Egypt’s Sisi calls for new measures against terrorism following assassination

Deputy Minister Ayoub Kara sends condolence letter to Egyptian president.

Abdul Fattah Sisi (photo credit: REUTERS)
Abdul Fattah Sisi
(photo credit: REUTERS)
Egyptian President Abdel Fattah al-Sisi called on Tuesday for new legal measures to crack down against an unrelenting Islamist insurgency.
He issued the call at the military funeral for a top public prosecutor who was assassinated in a bomb attack the day before.
“We’ll amend the legislation in a way that will enable us to enforce the law and justice as quickly as possible,” said Sisi while standing next to the family of Hisham Barakat, who security sources said was killed by a bomb in a parked car that was remotely detonated as he left his home.

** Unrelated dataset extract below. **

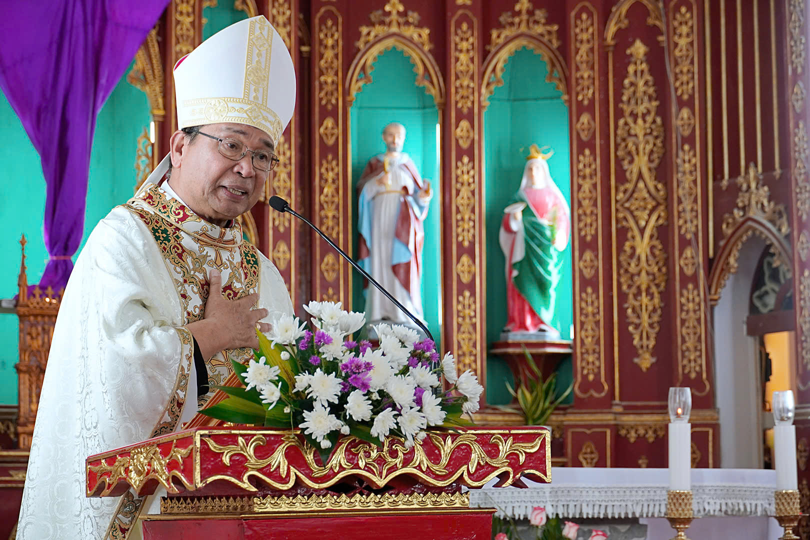 Trong phần bài giảng, dựa trên bản văn Tin mừng theo thánh Luca 1,26-38, Đức cha giúp cho cộng đoàn hiểu được việc Mẹ Maria được Chúa chọn là để thực hiện lời hứa với dân của Người. Mẹ là “Đấng đầy ân sủng” đã được Chúa tuyển chọn và giữ gìn để cưu mang Đấng Cứu Thế. Khi nghe đây là do quyền năng của Chúa Thánh Thần nên Mẹ đã đặt trọn niềm tin và phó thác hoàn toàn cho Chúa.

“We’re facing terrorism, [and] therefore there must be laws that parallel that and trials that parallel that. We will not take five to 10 years to try those killing us,” said the Egyptian president.
“We will respect the law, but we will amend it so that it’s parallel to what we’re facing,” he added.
The government had announced a holiday on Tuesday to mark the anniversary of mass unrest that led to president Mohamed Morsi’s fall, but Sisi’s office canceled celebrations and Cairo streets remained largely empty. Judicial sources said the amendments would restrict the number of appeals to one from two and give judges the final say on which witnesses could testify. Amnesty International released a report on Tuesday accusing the authorities of jailing young activists to quell unrest, charges the government denies.
Barakat led the legal battle against the banned Muslim Brotherhood movement and was responsible for referring Morsi, top leader Mohamed Badie, and other Brotherhood leaders to trial, reported the Mada Masr website. Some of these trials ended with the death penalty verdicts. Barakat was chief prosecutor under former president Hosni Mubarak and was removed when Morsi came to power in 2012 and then reinstated after Morsi’s ouster.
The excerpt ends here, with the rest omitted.